• Given data:

※

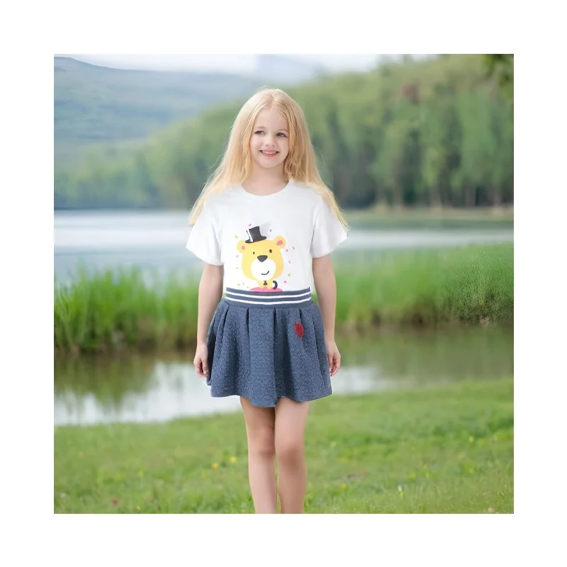 Girls Two Piece Outfit Customizable Cute T Shirt with 3D Bear Embroidery and Lace Trim Skirt Summer Apparel
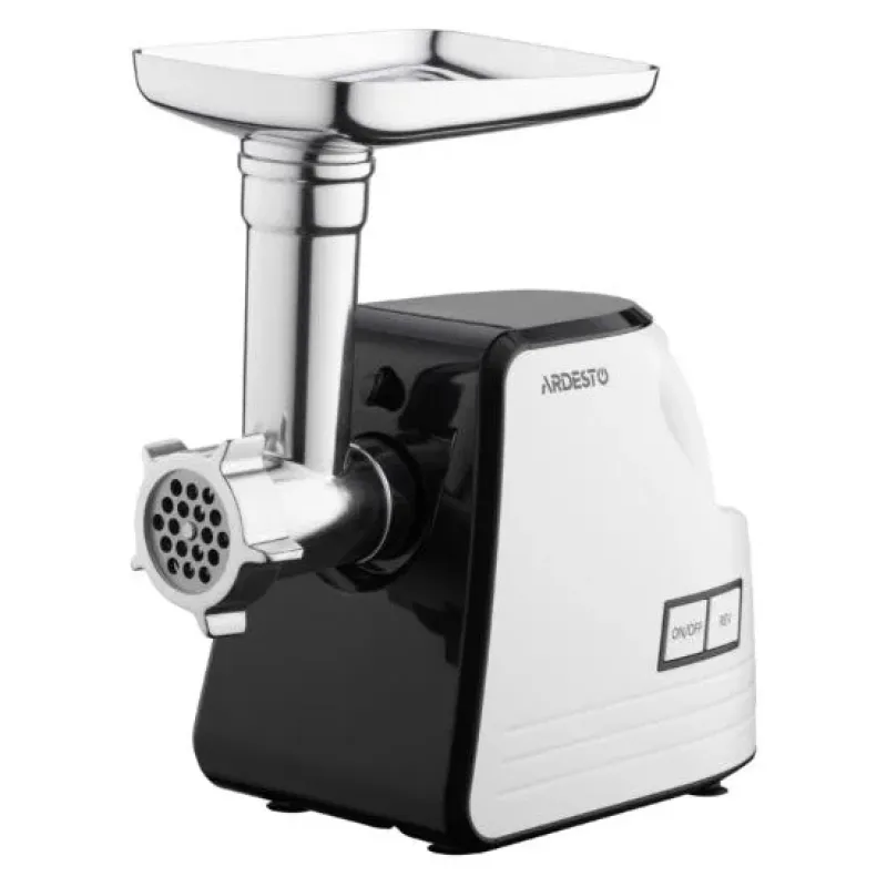 ARDESTO Мясорубка, 2300Вт, призв. -2.2кг/мин, 4 решетки + для колбас., кеббе, насадка для томатов, пластик, бело-черный — незамінний помічник на кухні для приготування фаршу, котлет, ковбасок та паштетів. Потужний двигун легко справляється з будь-яким видом м'яса та рибою. Комплект насадок розширює можливості приготування. Металевий корпус шнека та ножів забезпечує довговічність і гігієнічність. Легко розбирається для чищення.
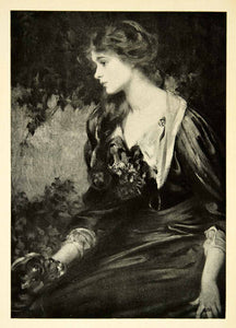 This is an original 1908 two-color halftone print of a painting by James Jebusa "J.J." Shannon (1862-1923) that portrayed Lady Victoria Marjorie Harriet Manners (1883-1946). She married Charles Paget, 6th Marquess of Anglesey on August 3, 1912.
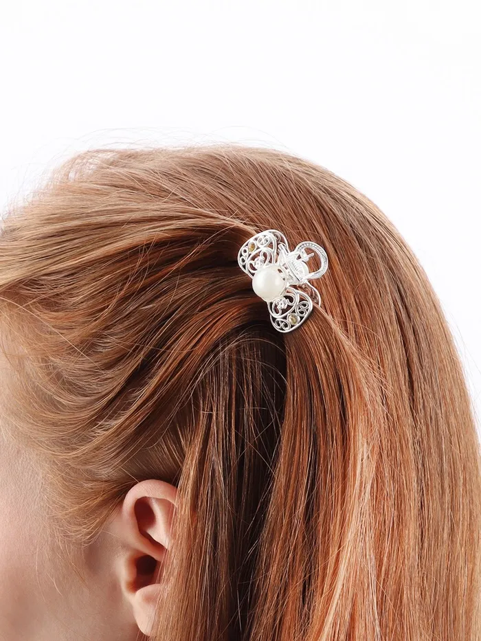 Подчеркни свою элегантность и стиль! Серебристый жемчужный краб для волос в виде бантика — это изысканный аксессуар, добавляющий нотку шика в каждый образ. Идеален для девочек и женщин, стремящихся к элегантности в причёсках.
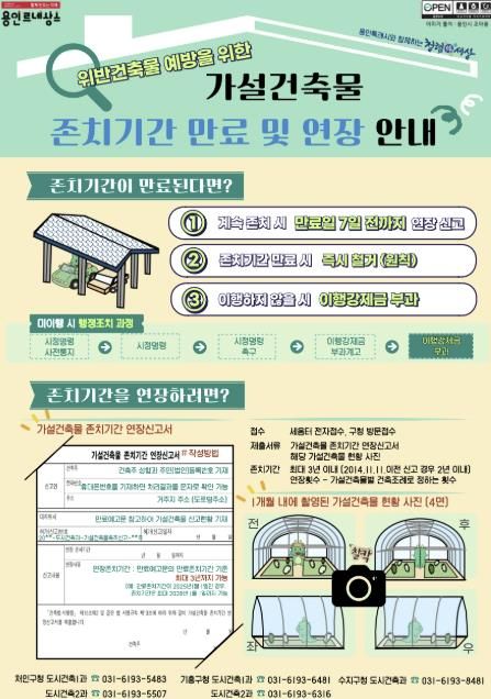 시는 가설건축물의 존치기간 연장신고서 접수시 해당 가설건축물의 현황을 확인할 수 있는 사진을 함께 제출하도록 건축법 시행규칙이 개정됨에 따라 안내문을 제작했다.

※

• Assignment: Recopy the whole listing above precisely, excluding images.

• Your solution:
 Girls Two Piece Outfit Customizable Cute T Shirt with 3D Bear Embroidery and Lace Trim Skirt Summer Apparel
 ARDESTO Мясорубка, 2300Вт, призв. -2.2кг/мин, 4 решетки + для колбас., кеббе, насадка для томатов, пластик, бело-черный — незамінний помічник на кухні для приготування фаршу, котлет, ковбасок та паштетів. Потужний двигун легко справляється з будь-яким видом м'яса та рибою. Комплект насадок розширює можливості приготування. Металевий корпус шнека та ножів забезпечує довговічність і гігієнічність. Легко розбирається для чищення.
 This is an original 1908 two-color halftone print of a painting by James Jebusa "J.J." Shannon (1862-1923) that portrayed Lady Victoria Marjorie Harriet Manners (1883-1946). She married Charles Paget, 6th Marquess of Anglesey on August 3, 1912.
 Подчеркни свою элегантность и стиль! Серебристый жемчужный краб для волос в виде бантика — это изысканный аксессуар, добавляющий нотку шика в каждый образ. Идеален для девочек и женщин, стремящихся к элегантности в причёсках.
 시는 가설건축물의 존치기간 연장신고서 접수시 해당 가설건축물의 현황을 확인할 수 있는 사진을 함께 제출하도록 건축법 시행규칙이 개정됨에 따라 안내문을 제작했다.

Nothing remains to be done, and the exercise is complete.